Two qualities in Interrogation III date the painting as of Golub’s era but not our own. As I have claimed previously, good critique in painting, or any other medium, is characterised by its ability to enlighten a range of discourses at the same time. Both the emotionalism of the claim of conviction contained within the focus of the work, and its proselytizing, are not useful critical modes currently. This is partly to do with the contemporary over-use of such appeals to the self evidence of moral righteousness, but also to the over-use of modes which deliberately instigate emotional response as entertainment. What locates it historically most clearly, is its failure to place any reliance on the interpretive power of the viewer. By contrast this criticism does not apply to Two Black Women and a White Man because an active, interpretive engagement is possible on the basis of the expectation of the artist that the viewer has an equivalent interest in, and awareness of, the situation that Golub has so wryly observed.

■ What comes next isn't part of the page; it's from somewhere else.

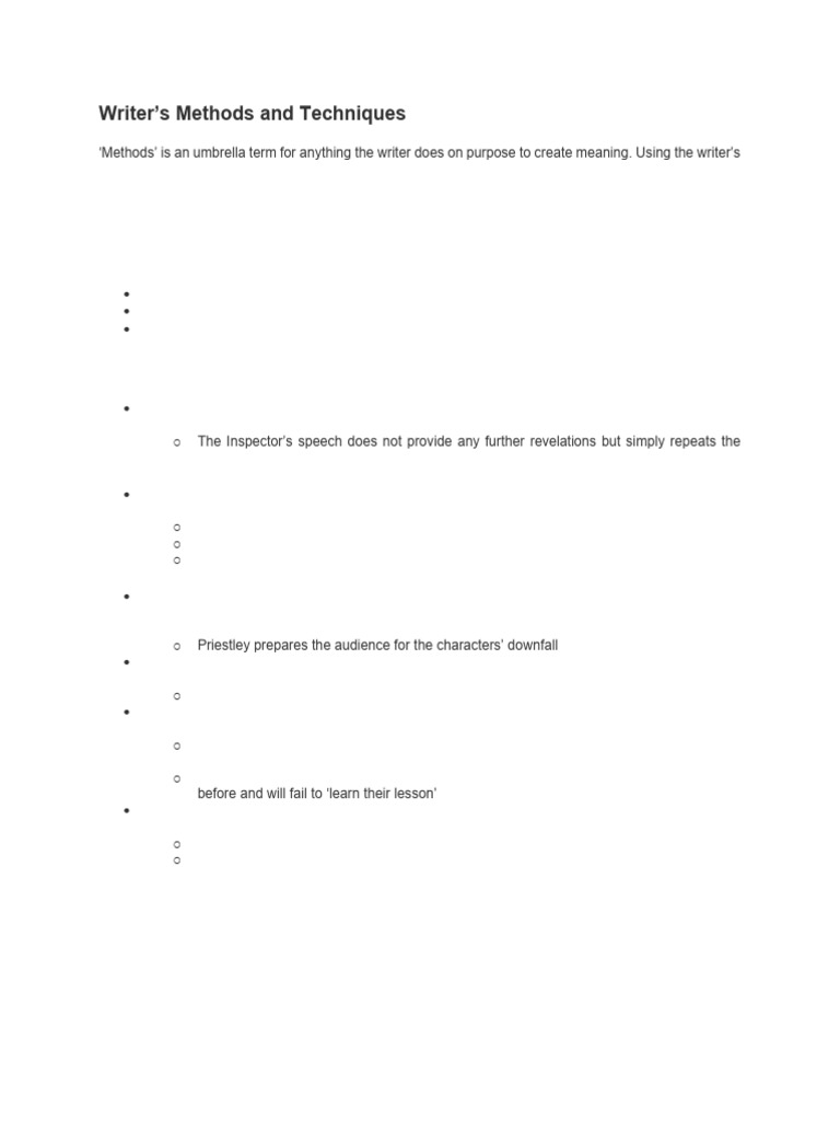 Techniques of Writers - Summarized Notes and structured responses to ...

A final observation about Golub is to do with his reference to the real. His paintings do not quote photography in the way Jusidman’s, Hume’s or Tuymans’ do. Neither do they quote the tradition of painting from life that Currin’s do. The paintings do make a reference to reality, but it is a literary reality of fiction as subliminally remembered folklore and legend. Golub’s figures have some of the stilted awkwardness of the Frankenstein trope which augments the violence to the point where it becomes the ‘fiction’ of archetype. It may be this that allows his figuration such powerful affect. It is perhaps a confirmation of Buchloh’s claim about the use of photography in the painting of the time that Golub hasn’t employed a photographic truth claim to substantiate this image. Interrogation III could have entrained another compelling discourse had it included a reference to a time and place. The lack of such a reference is both an indication of the painting’s era, and of the novelty of the truth claim in painting. Thankfully, as I have discussed previously, it is now available to substantiate and augment affect.
While the overt subject of Interrogation III could be said to overlap with my own overt subject matter in Pictures of the Body the differences between them could be expressed in terms of polarities. Golub emphasises and places his expectation of solidarity in emotion whereas mine is oriented more intellectually. Golub is assertive whereas Pictures of the Body is subdued.
Fig. 58. Showing the scale of Golub’s painting Prometheus II (on the left) at 302.5 x 246.5 cm.
This expressionist commitment to grandeur was standard in Golub’s era and is now a feature of Tuymans work. As a sign, when used regularly, size dominates the viewer/subject. The initial phenomenological encounter with this domination precludes the possibility of dialogue. The awe, inspired by overwhelming size, is more in keeping with religious observance than horizon fusion.
My paintings are small and his are large etc. This not only reflects the differences between authors and their personal history, it also reflects the politics of the era and the differing cultural contexts. One of the requirements and characteristics of critical art work is its response to contemporary local conversation even when discussing historical subjects.
All of the artists discussed here, and many others not discussed, here have contributed to this research through cooption or elimination. Even so, the vocabulary and grammar of critique is not a simply ‘available formulation’; the vocabulary of each of these artists depends entirely on their own reflexive capacity, history and circumstance. I suggested at the beginning that their work has been most useful as examples of what not to do rather than the opposite. The reason for this is that critique is always required to find and express authentic difference. It was the difference between these artists and my own history that was their most positive contribution. Their cumulative affirmation of their own difference has assisted me in formulating the environment from which I aim to continue that same tradition of dialogue.